March 11, 2001
A Shepherd Raised Up for Belarus

Installation of Bishop Leonid Zwicki (March 11, 2001)

On March 11, 2001, Leonid Zwicki was installed as bishop of the newly created Belarusian Evangelical Lutheran Church. In a land long pressed by atheistic ideologies and the lingering habits of fear, the public setting of a bishop was more than an organizational milestone; it was a witness that Christ gathers and keeps His people. Believers assembled around Scripture, prayer, and the promises of God, confessing that the gospel is not chained by governments, propaganda, or painful memories.

The service itself marked a quiet kind of heroism: not the heroism of spectacle, but of steadfastness. The church did not declare its own strength; it testified to the Lord’s strength in weakness and to His faithfulness across generations. “I am not ashamed of the gospel, because it is the power of God for salvation to everyone who believes…” (Romans 1:16).

Leonid Zwicki

As bishop, Zwicki took up a calling that demanded patient courage. Serving small and scattered congregations meant long roads, limited resources, and the slow work of rebuilding trust where public faith had been treated as suspicious or irrelevant. His office required more than administrative skill: it called for pastoral steadiness, clear teaching, and a willingness to encourage weary saints who had learned to keep their convictions private.

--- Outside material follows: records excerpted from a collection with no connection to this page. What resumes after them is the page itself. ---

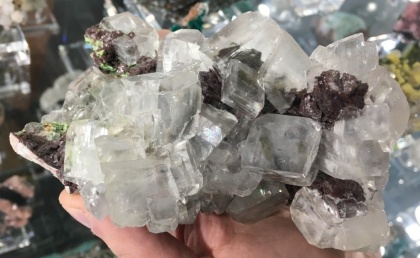 C'est surtout après les découvertes des seconde et troisième zones d'oxydation que les beaux spécimens envahirent les bourses et les vitrines, pour notre plus grand bonheur. Toutes sortes de cristallisations coexistent (rhomboèdres évidemment le plus souvent, mais aussi scalénoèdres dont les "dents-de-cochon" et autres "têtes-de-clou", pseudo-cubes...), avec des cristaux de toutes tailles (des calcites de plus de 20cm sont répertoriées), avec toute une gamme de couleurs (de l'incolore au noir) liées évidemment aux inclusions microscopiques (de minéraux, voire d'ions métalliques), citons :
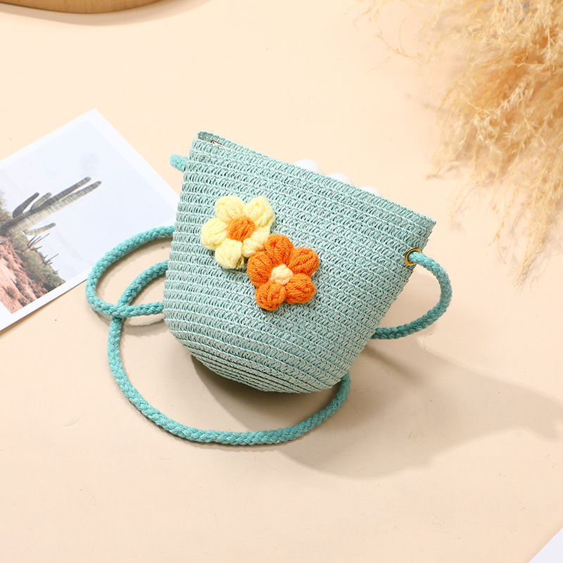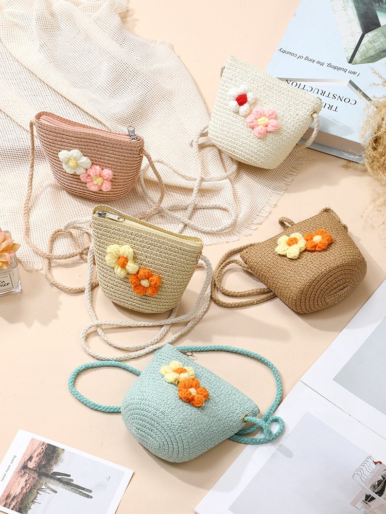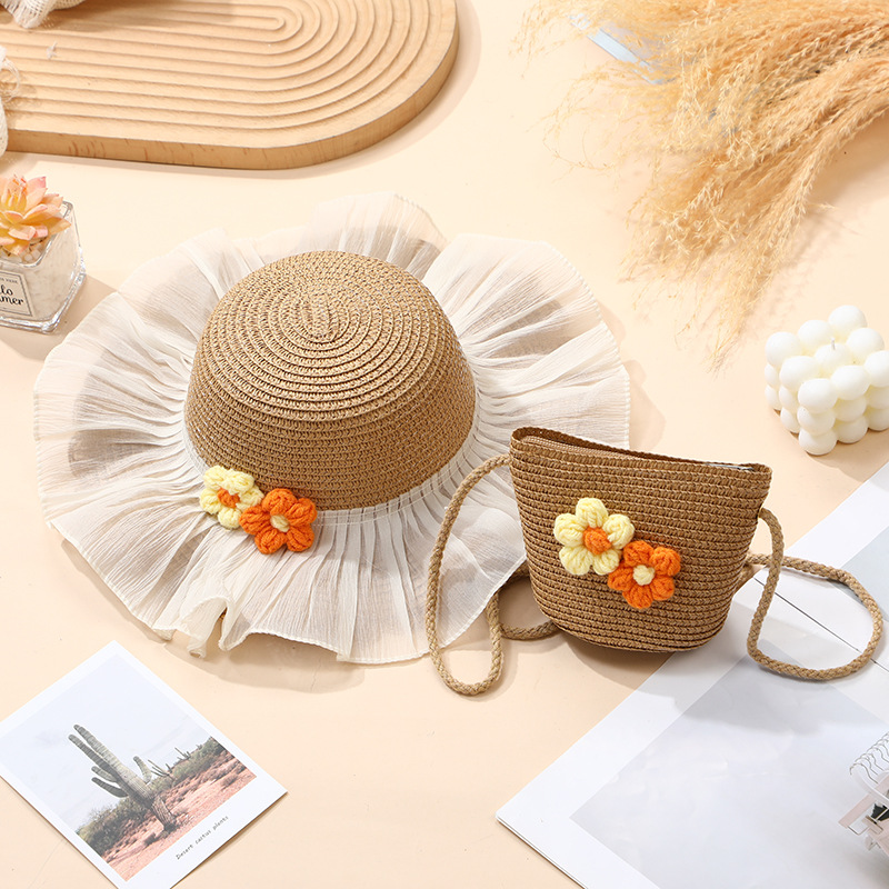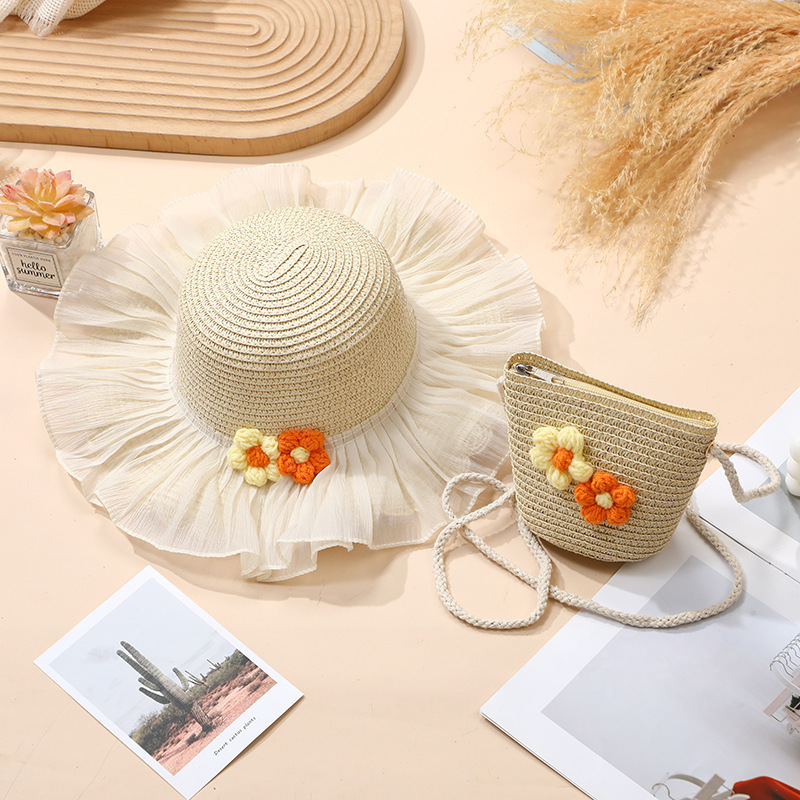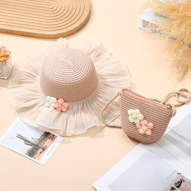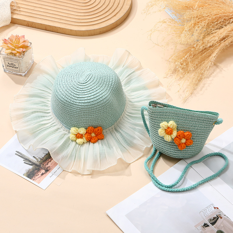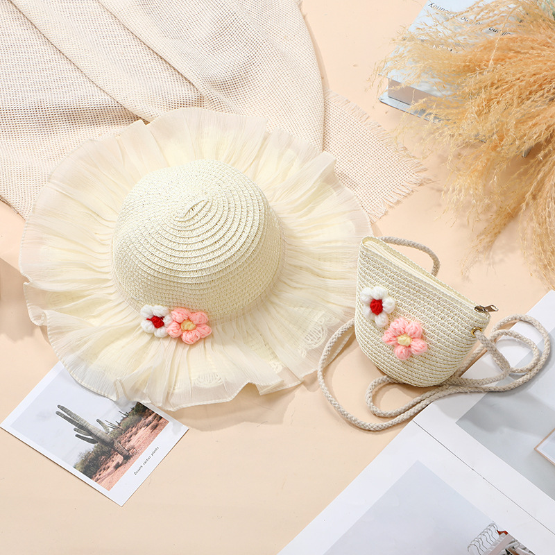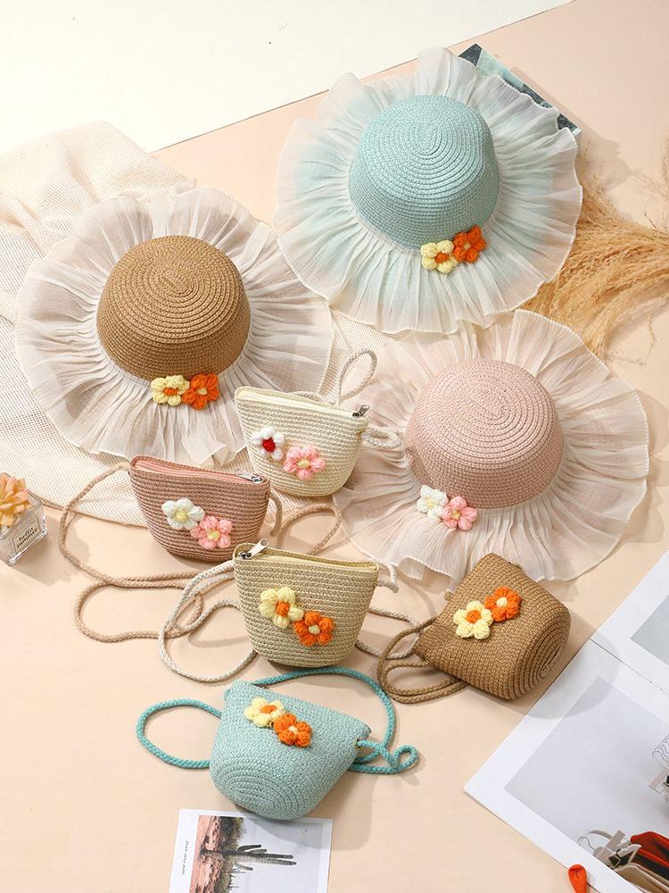 여름 소녀 양산 밀짚 모자 해변 선 스크린 공주 작은 소녀 모자 가방 크로스 바디 스트로우 가방 짠 가방스토어 가기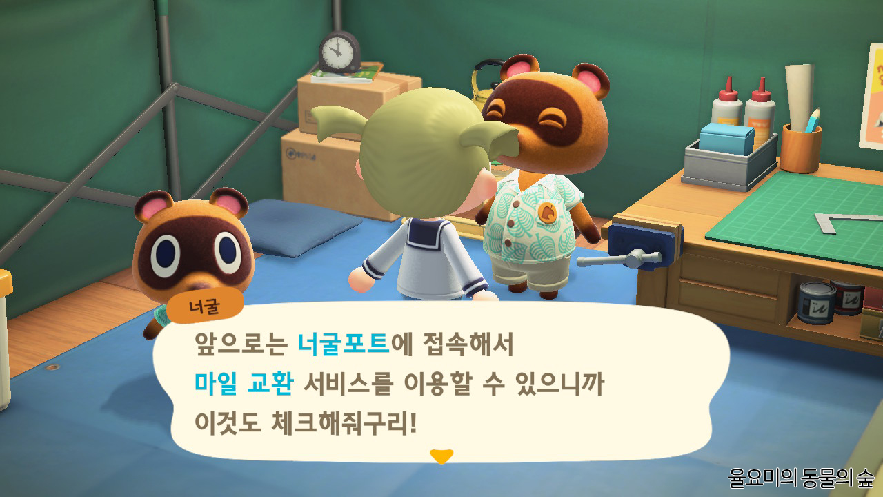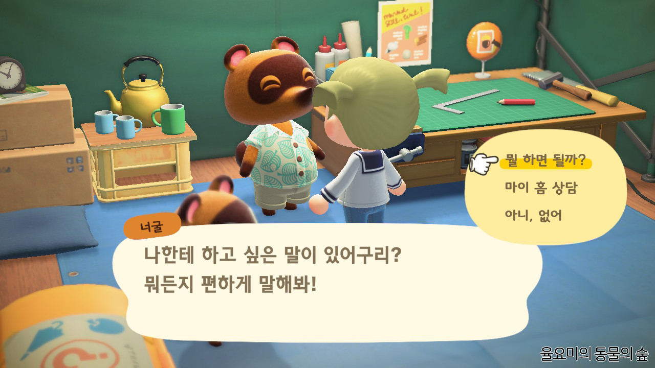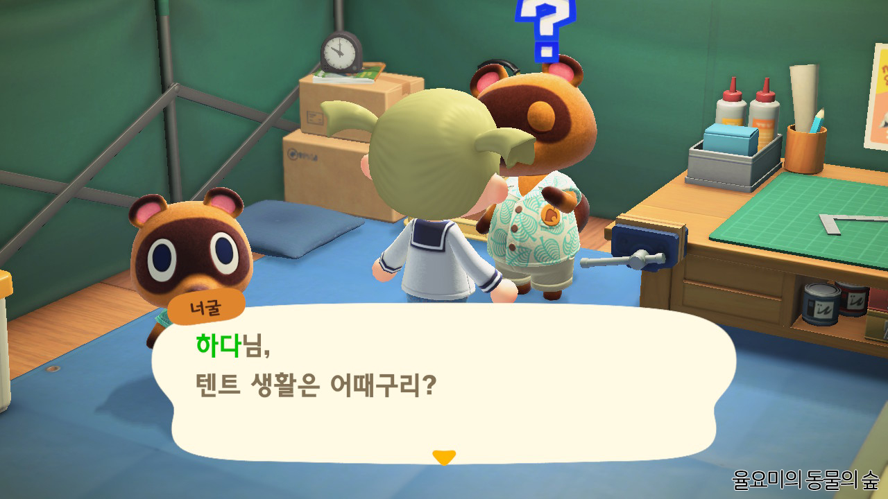 너굴이가 텐트 생활은 어떻게 되어가고 있냐며 물어본다. 근데 생활한지 하루도 안되어서 큰 불편함은 없는데 게임 진행을 위해선 업그레이드를 해야겠지? 사실 내가 마을 꾸미기나 집 꾸미기나 큰 관심이 없는 편이다.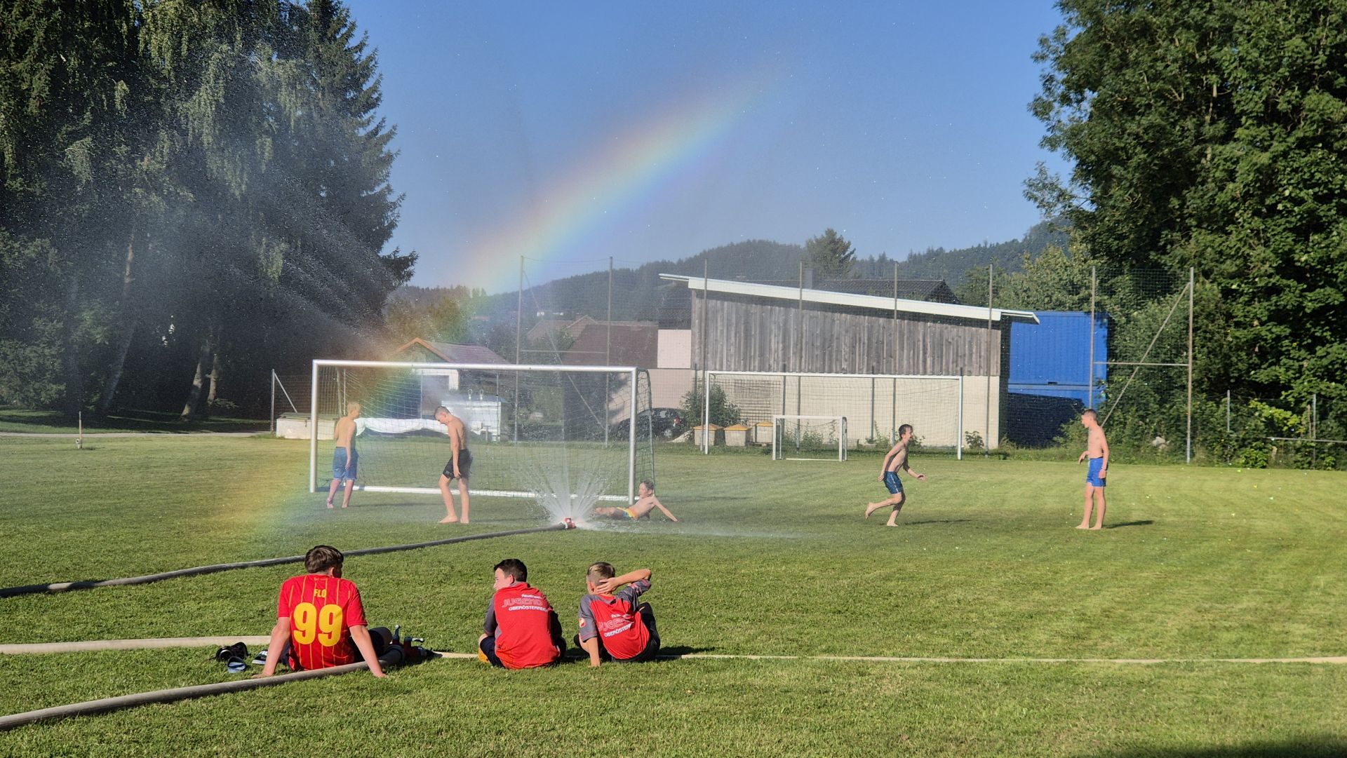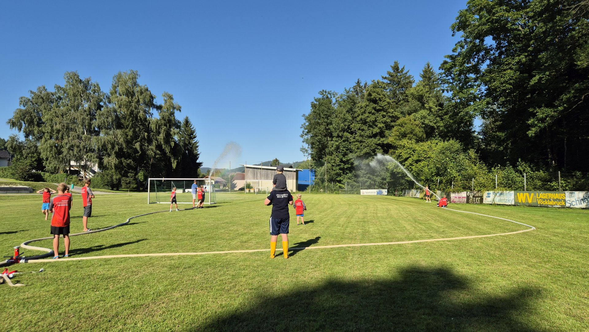 Nach dem Einrichten der Schlafplätze startete der warme Nachmittag mit einer Abkühlung bei einer Nasslöschübung am Sportplatz.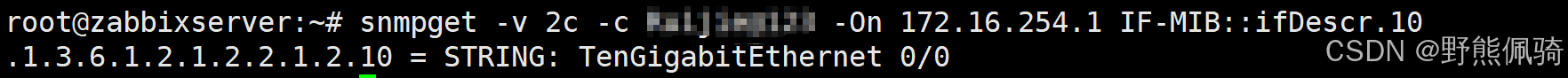 root@zabbixserver:~# snmpget -v 2c -c SNMP团体字 -On 172.16.254.1 IF-MIB::ifDescr.10 -v: 指定设备使用的SNMP版本,此处是2c版本; -c: 指定设备使用的SNMP团体字; -On:指定被监控设备主机的IP地址,此处是172.16.254.1; IF-MIB::ifDescr.10: 指需要转换为OID的MIB名称,此处是端口名称。

In nurturing leaders, strengthening preaching, and caring for congregations, a bishop’s work becomes an embodied reminder that Christ does not abandon His flock. The aim is not personality or prestige, but faithfulness—feeding the church with God’s Word, guarding sound doctrine, and urging believers to endure with hope.

Belarusian Evangelical Lutheran Church

The creation of the Belarusian Evangelical Lutheran Church signaled a renewed public foothold for Lutheran witness in Belarus. Its life depended on ordinary means—baptismal identity, repentance and forgiveness, and the steady cadence of worship and catechesis—through which Christ continues to build His church.

Zwicki’s installation pointed beyond itself to the true Chief Shepherd. “And when the Chief Shepherd appears, you will receive the crown of glory that will never fade away.” (1 Peter 5:4). In that confidence, believers learned again that Christ’s church can be pressured, but it cannot be extinguished.